The old man to her right tapped her on the shoulder, whispered something to her and expected her to laugh. She didn’t.
“I’m sorry, but I’m talking to my companion here.”
She turned back to Grens.
“Do you know, Ewert?”
“Hermansson.”
“When Sweden abolished the death penalty?”
He sighed, emptied his glass of full-bodied red wine.
“No. I’m here for different reasons.”
“Nineteen seventy-four.”
He had decided not to listen but looked as astonished as he was.
“What did you just say?”
“The nineteen seventy-four amendment. Until then, we still had the death penalty. Even though the last execution was long before that.”
A waiter hurried past behind him with some bottles on a silver tray.
Grens called over and asked him to fill their empty glasses.
“Three years later, the first execution was carried out in the United States following the reintroduction of the death penalty. A firing squad in Salt Lake City that caused an international outcry in the media. The state of Utah shot the person, up and down, several times. And they’re still doing it. The last one was only a year or so ago.”
Grens lifted his glass and took a drink without tasting it.
“You’ve been reading up.”
“When we got back from Bromma. I couldn’t concentrate on anything useful.”
When Siw Malmkvist came onto the stage ten rather quiet minutes later, only a few yards away from him, Grens felt how life can sometimes stop, a frozen moment, no yesterday, no tomorrow, just now, Siw in front of him and every lyric that was stored in his heart now made him fizz over as he sang along as loud as he dared to.
He remembered the first times he’d seen her onstage. Folkets Park in Kristianstad, he had even been able to get up close and take some black-and-white photos that he still sometimes took out and looked at. She had been so bold, so powerful, and he had fallen in love with the singer from a distance, despite Anni. He still felt the same. She was up there burning brightly, she wasn’t young anymore, moved more slowly and had a deeper voice, but she was there for him and he was just as infatuated with her as back then.

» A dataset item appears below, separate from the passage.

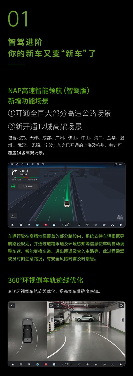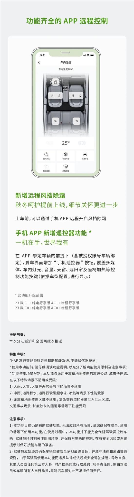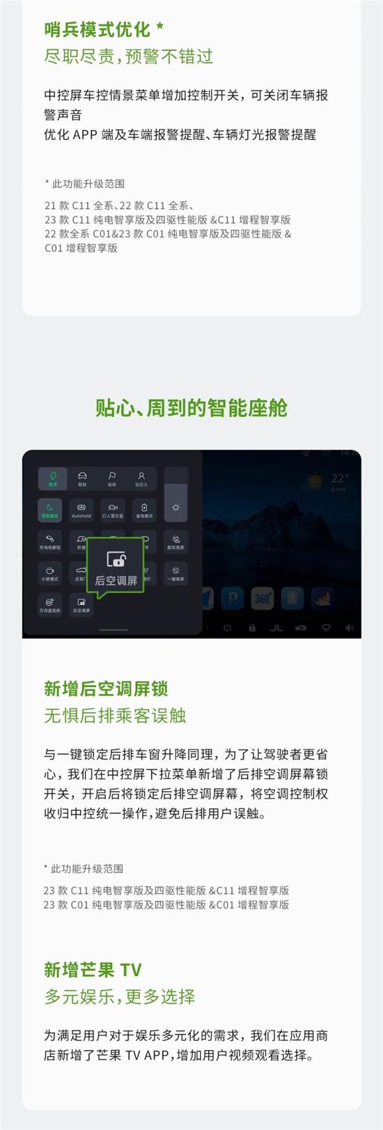 其次涉及本次OTA升级的还有21款、22 款、23款C11和C11增程,以及22款、23款C01和C01增程。并新增高速智能领航(NAP)功能、新增后空调屏锁、新增芒果TV。除此之外,也对APP远程控制,哨兵模式等功能进行了优化。

It was in the middle of the chorus of the fifth song that his mobile phone interrupted the music with a shrill electric ring. “California, Here I Come,” he remembered the cover, Siw’s EP from Metronome, with the bright red scarf on her head and the same shade of lipstick, as she smiled at whoever was buying the record.
It rang three times before he managed to get it out of his trouser pocket, and a good many people turned around in irritation to see where the noise was coming from.
Helena Schwarz.
He couldn’t hear what she was saying, as her voice was so high.
He was trying to get her to calm down when the music suddenly stopped at the end of the third verse. One of Stockholm’s largest venues held its breath, four hundred stunned people, first looking up at the stage and the female artist who was standing there holding a microphone without making a sound, then at the large man in his fifties who was sitting at one of the front tables with a phone to his mouth whispering slightly too loud.
“Am I disturbing you?”
Siw Malmkvist had turned toward the table where they were sitting, toward him, her voice was friendly but the message clear.
“Please, don’t mind me. Of course I’ll wait. Until you’ve finished talking, that is.”
The audience laughed. Jolly from the wine and full of good food, they admired the legend who tackled the embarrassing situation so well. Hermansson kept her eyes on the table while Ewert Grens stood up and mumbled something inaudible about being a policeman, then hurried out through the same door he had come in two hours earlier.